Павел опустил голову, промолчал.

– А и то – правда! Не по морозу и не в церкви беседы беседовать. Пойдём в дом. Матушка нас накормит. За ужином и потолкуем.

Дом священника находился рядом с Храмом. Они быстрым шагом направились к нему.

– Вот, интересно, хоть до утра утихнет непогода? – Бурчал священник. – Или будет до весны мести да дуть?

Матушка, женщина невысокого роста с круглым добродушным лицом, встретила гостя, горестно покачав головой и смахнув слезу.

– Наклонись, я хоть обниму тебя за Клаву покойницу. Как бы она обрадовалась, как бы обрадовалась… А Нина знает, что ты вернулся?

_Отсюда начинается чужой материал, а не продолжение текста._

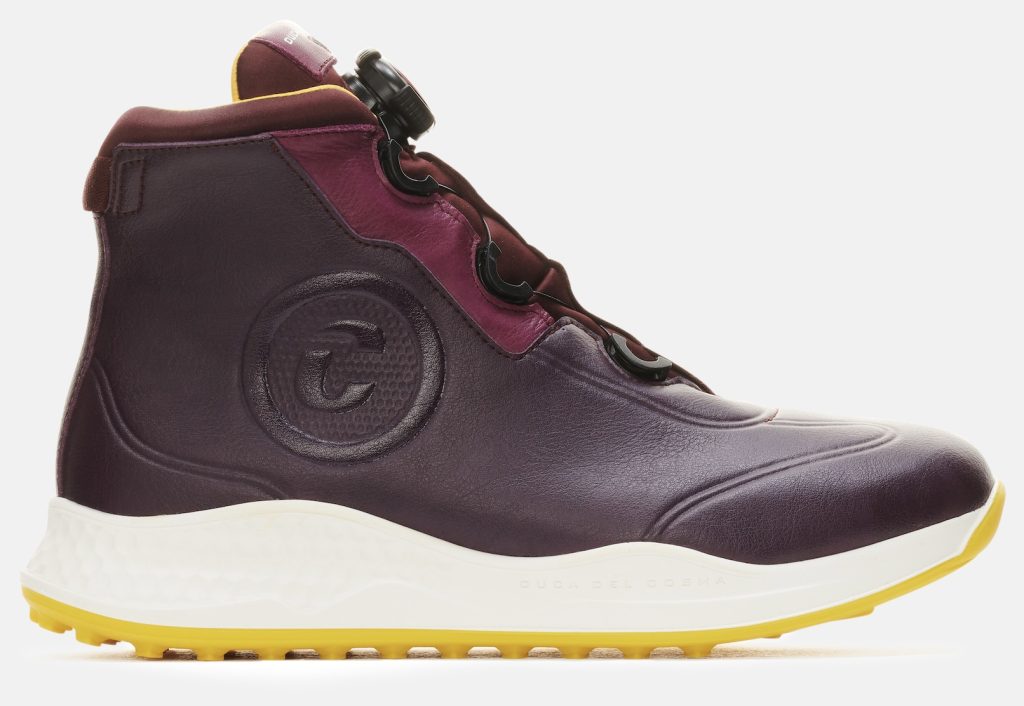 Offering a contemporary look, the TOSCANA boot incorporates the Quick Lacing System for a supremely snug fit, as well as the lightweight and recyclable Airplay 12 outsole to gives this modern boot a distinctively refreshing feel like no other golf shoe on the market. It is available in Aubergine with a vibrant contrasting Yellow sole.

– Мать, ты накорми сначала, а потом с расспросами приставай. – Сказал отец Алексий.

– Ой, и правда, что это я, совсем забыла, что гость то с дороги. Раздевайся, Пашенька, проходи. Вон там рукомойник. Таня, принеси чистое полотенце гостю.

В комнату вошла стройная , красивая девушка, улыбнулась.

– Привет, Павлик. Помнишь меня?

– Конечно, помню – Танька, поповская дочка, сорвиголова. Прости, вспомнил былые времена и то, как тебя дети звали. Теперь ты конечно совсем другая… Всего каких-то три года, а так изменилась.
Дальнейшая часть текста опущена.